MATERIALS PROVIDED:
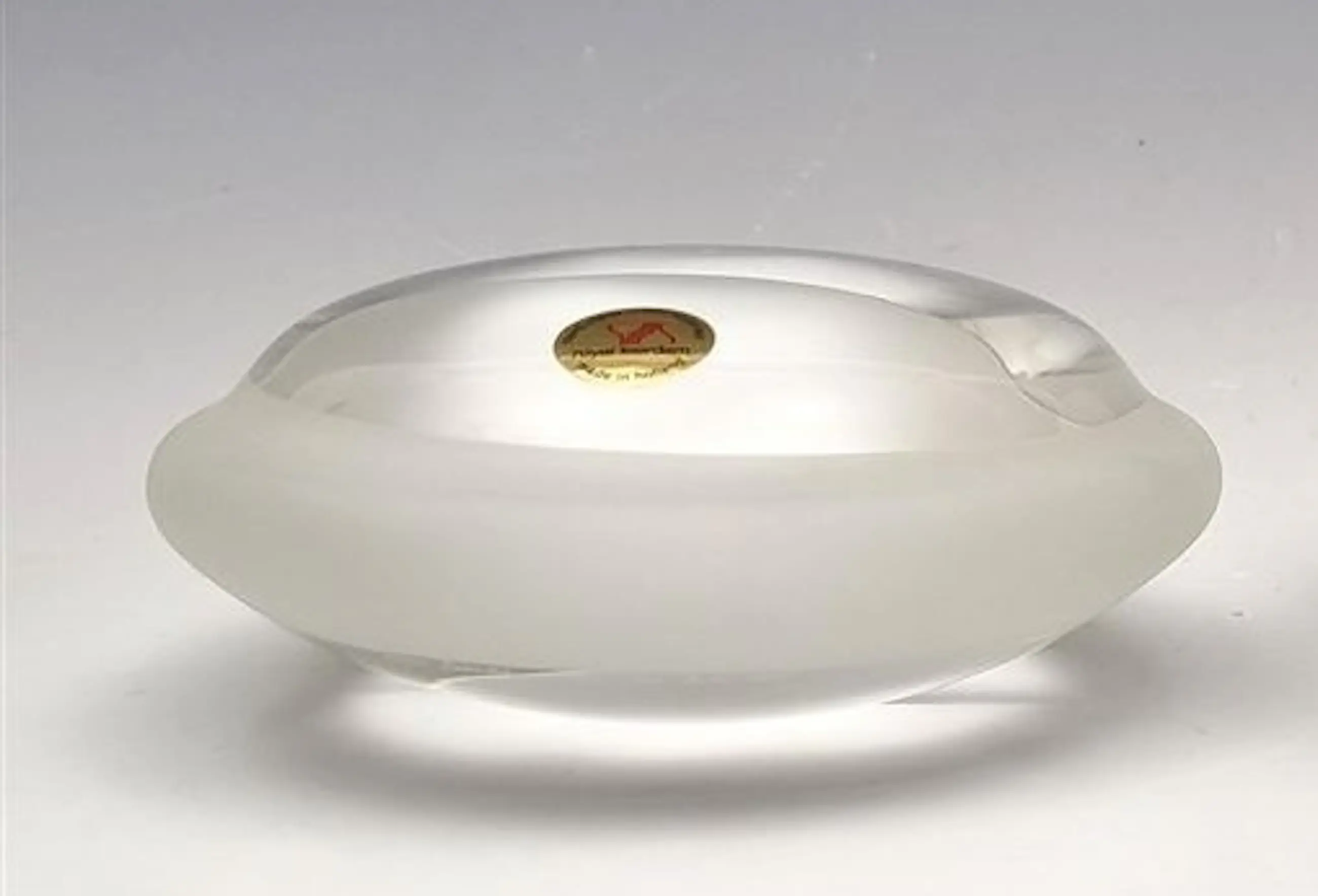 Un objet en cristal avec un bord givré et une coupe à la scie.
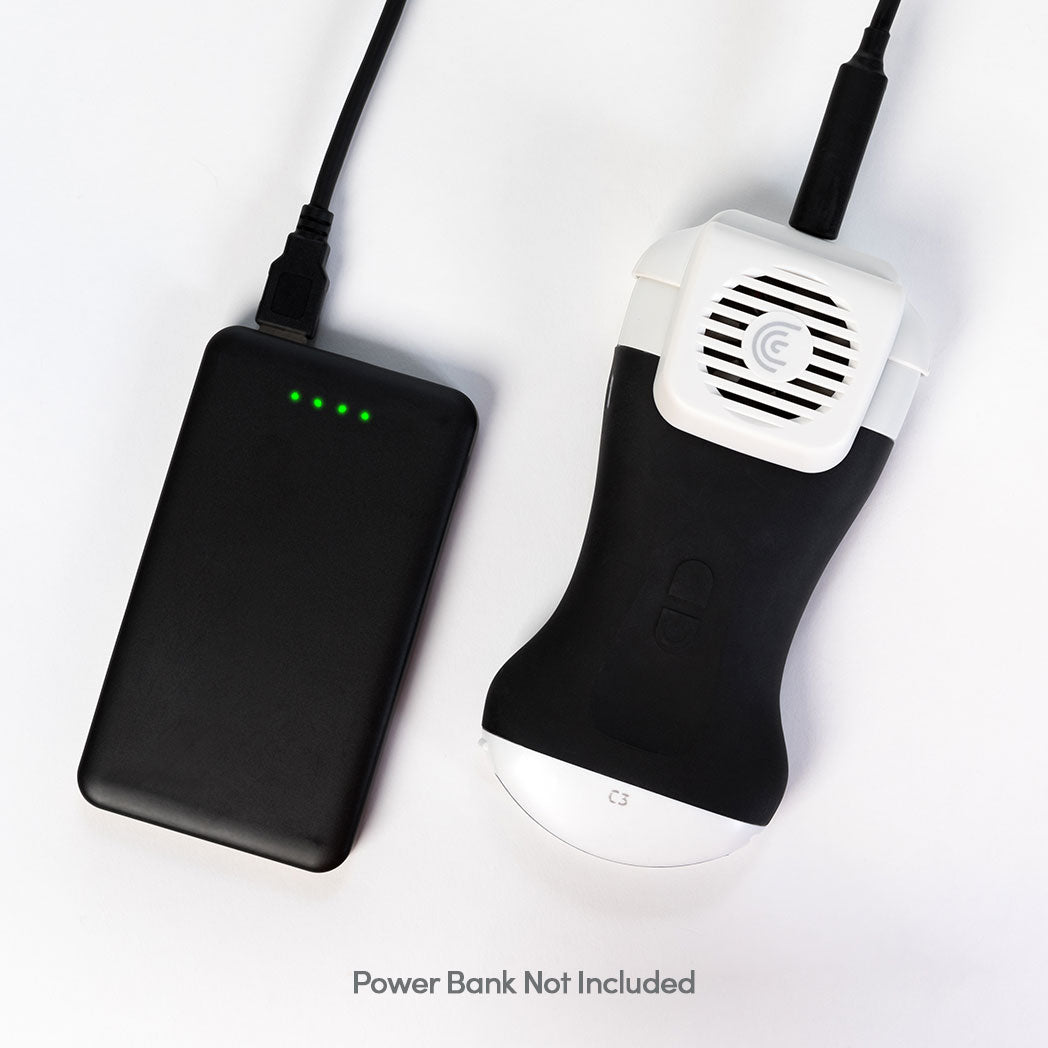 The Clarius Power Fan HD3 extends your scanning session with continuous power and extra cooling for educational sessions and heavy-use scenarios. Power Fan allows you to attach a USB cable to power the scanner with external power sources such as a wall outlet or power bank.
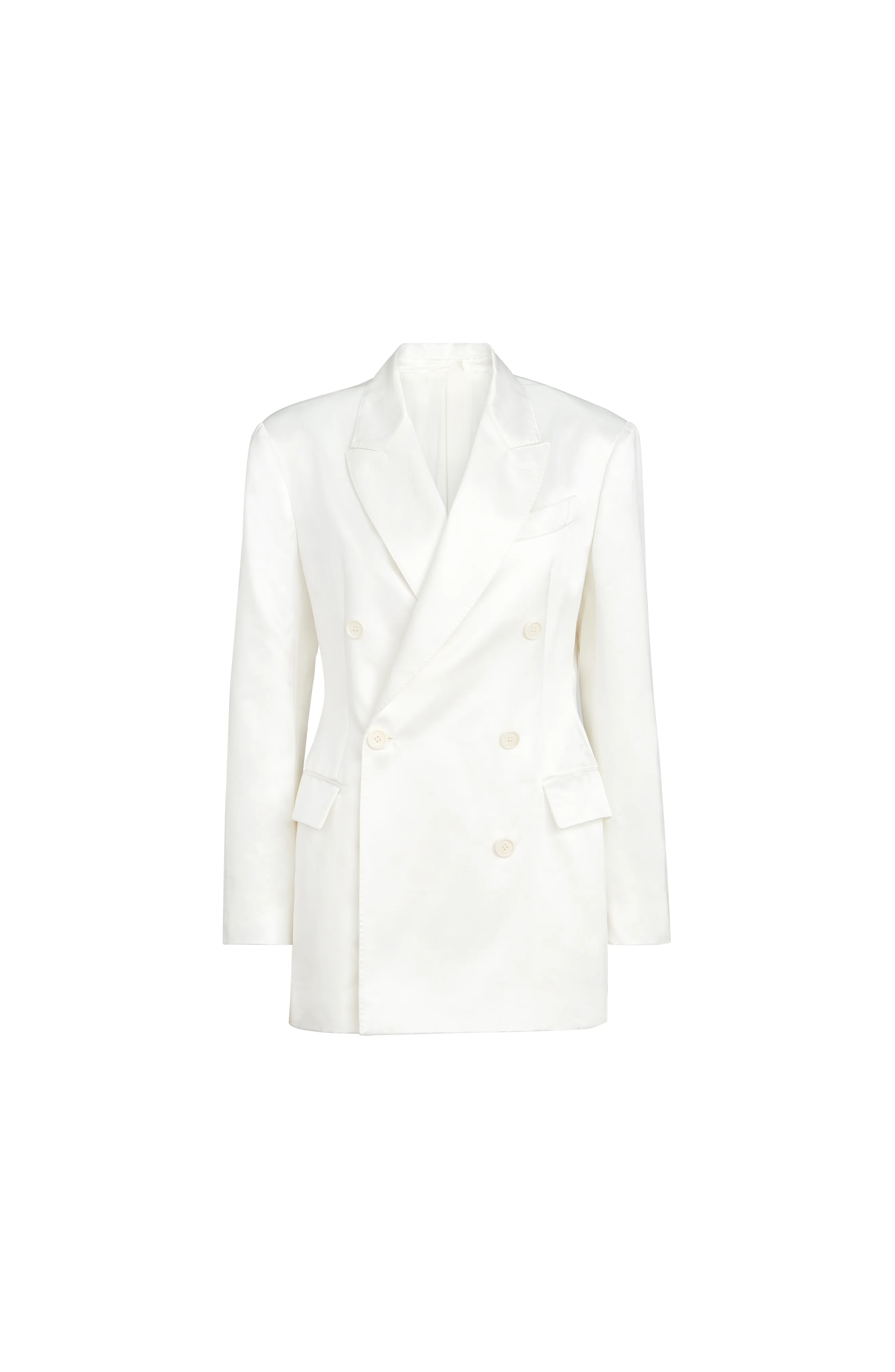 Cotton an silk satin combines the softness and sheen of silk with the resistance and breathability of cotton, while the fluid twill stands out for its light, very fluid and, at the same time slightly crisp appearance. Corozo buttons closurePeak lapelCuffs with corozo buttonsWelt pockets with flap and chest pocketSilk-blend crepe liningSingle back ventNickel-free monili decoration
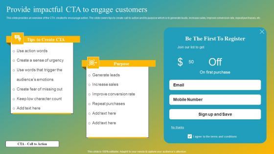 This slide provides an overview of the CTA created to encourage action. The slide covers tips to create call-to-action and its purpose which is to generate leads, increase sales, improve conversion rate, repeat purchases, etc. Slidegeeks has constructed Effective Customer Engagement With Direct Response Provide Impactful CTA To Engage Mockup Pdf after conducting extensive research and examination. These presentation templates are constantly being generated and modified based on user preferences and critiques from editors. Here, you will find the most attractive templates for a range of purposes while taking into account ratings and remarks from users regarding the content. This is an excellent jumping-off point to explore our content and will give new users an insight into our top-notch PowerPoint Templates. This slide provides an overview of the CTA created to encourage action. The slide covers tips to create call-to-action and its purpose which is to generate leads, increase sales, improve conversion rate, repeat purchases, etc.
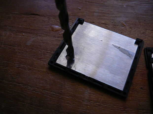 taladrar un agujero en el frente de la tarjeta y limar los bordes

YOUR ASSIGNMENT: Nothing but the lines from the one containing "The Clarius Power" through the end of the listing should be printed, each exactly as it appears and without pictures.

ANSWER SECTION:
 The Clarius Power Fan HD3 extends your scanning session with continuous power and extra cooling for educational sessions and heavy-use scenarios. Power Fan allows you to attach a USB cable to power the scanner with external power sources such as a wall outlet or power bank.
 Cotton an silk satin combines the softness and sheen of silk with the resistance and breathability of cotton, while the fluid twill stands out for its light, very fluid and, at the same time slightly crisp appearance. Corozo buttons closurePeak lapelCuffs with corozo buttonsWelt pockets with flap and chest pocketSilk-blend crepe liningSingle back ventNickel-free monili decoration
 This slide provides an overview of the CTA created to encourage action. The slide covers tips to create call-to-action and its purpose which is to generate leads, increase sales, improve conversion rate, repeat purchases, etc. Slidegeeks has constructed Effective Customer Engagement With Direct Response Provide Impactful CTA To Engage Mockup Pdf after conducting extensive research and examination. These presentation templates are constantly being generated and modified based on user preferences and critiques from editors. Here, you will find the most attractive templates for a range of purposes while taking into account ratings and remarks from users regarding the content. This is an excellent jumping-off point to explore our content and will give new users an insight into our top-notch PowerPoint Templates. This slide provides an overview of the CTA created to encourage action. The slide covers tips to create call-to-action and its purpose which is to generate leads, increase sales, improve conversion rate, repeat purchases, etc.
 taladrar un agujero en el frente de la tarjeta y limar los bordes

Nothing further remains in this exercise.